Pertama, dalam RDP yang dilakukan pada 27 Mei 2020 lalu, ada tiga poin yang menjadi hasil rapat. Poin-poin tersebut diantaranya:
- Menyetujui hari pemungutan suara Pilkada di 9 Desember 2020.
- Seluruh tahapan Pilkada berpedoman pada protokol kesehatan dan prinsip demokrasi.
- Usul pengajuan alokasi anggaran secara lebih rinci dari KPU
Ketika fokus diarahkan ke poin kedua, didapati bahwasanya kesepakatan tersebut tidaklah terwujud. Belum lagi, saat menyetujui poin pertama, KPU menyarakan dalam RDP bahwa penerapan protokol kesehatan serta pemenuhan anggaran menjadi syarat yang harus dipenuhi dalam melanjutkan penyelenggaraan Pilkada 2020.
Kedua, Peraturan Pemerintah Pengganti Undang-Undang Nomor 2 Tahun 2020 (Perpu 2/2020) yang diundangkan dalam Undang-Undang Nomor 6 Tahun 2020 secara tegas memberikan kuasa kepada KPU untuk kembali melakukan penundaan. Pasal 201A ayat (3) dalam ketentuan tersebut menyatakan bahwa penundaan bisa ditunda dan dijadwalkan kembali ketika bencana nonalam telah berakhir.
Tantangan terakhir, dan mungkin yang terberat, sebetulnya ada di soal penetapan Keputusan KPU saat hendak kembali menunda Pilkada 2020. Sebab, Pasal 122A ayat (2) mengharuskan penundaan yang diajukan KPU itu harus disetujui oleh Pemerintah dan DPR RI. Kondisi tersebut tentulah menghadirkan dinamika yang rumit dan politis.
Alternatif ke Depan
Lantas, apa yang baiknya dilakukan oleh KPU jika penundaan bisa dilakukan? Ada dua hal penting yang harus diberi perhatian penuh oleh penyelenggara.

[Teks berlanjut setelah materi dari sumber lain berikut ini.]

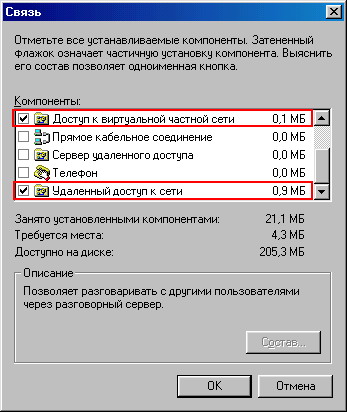 3. Включите в список компонентов Доступ к виртуальной частной сети и Удаленный доступ к сети
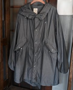 米軍スノーパーカを、当店でブラックに後染め&両サイドにポケットを取り付けてリメイクした1点物。😄

Pertama, dalam menyusun jadwal pelaksanaan Pilkada, KPU sebaiknya melakukan kalkulasi secara terbalik. Maksudnya, penentuan pelaksanaan Pilkada tidak dimulai dari menentukan tanggal pemungutan suara terlebih dahulu seperti yang dilakukan saat memutuskan 9 Desember sebagai hari pemungutan suara.
Namun, KPU bisa memulai dari menentukan tanggal bagi tahapan terdekat yang akan dilaksanakan. Misalnya, ketika KPU menunda Pilkada pada 22 September besok, tanggal yang pertama sekali harus ditentukan adalah tahapan kampanye. Setelah itu, KPU bisa melakukan penghitungan tahapan setelah kampanye hingga hari pemilihan. Tentu, hal ini harus mempertimbangkan durasi yang cukup agar persiapan penyelenggara dari semua sisi bisa matang.
Kedua, untuk bisa bergerak lebih progresif terhadap kondisi pandemi, KPU dan elemen masyarakat yang peduli pada pemilhan umum bisa mendorong revisi pada Undang-Undang (UU) Pilkada. Hal ini ditujukan agar KPU bisa lebih leluasa dalam memformulasikan PKPU, dan tidak merasa takut aturan yang dibuatnya bertentangan dengan UU. Sehingga, dalam bersengketa, misalnya oleh peserta Pilkada, celah-celah PKPU yang dianggap bertentangan dengan UU dapat tertutup rapat.
Penjabaran di atas pada akhirnya menekankan bahwasanya Pilkada 2020 masih sangat bisa ditunda, dan kita harus mendorongnya. Demi menjaga nyawa warga negara di masa pandemi yang menghadirkan ketidakpastian.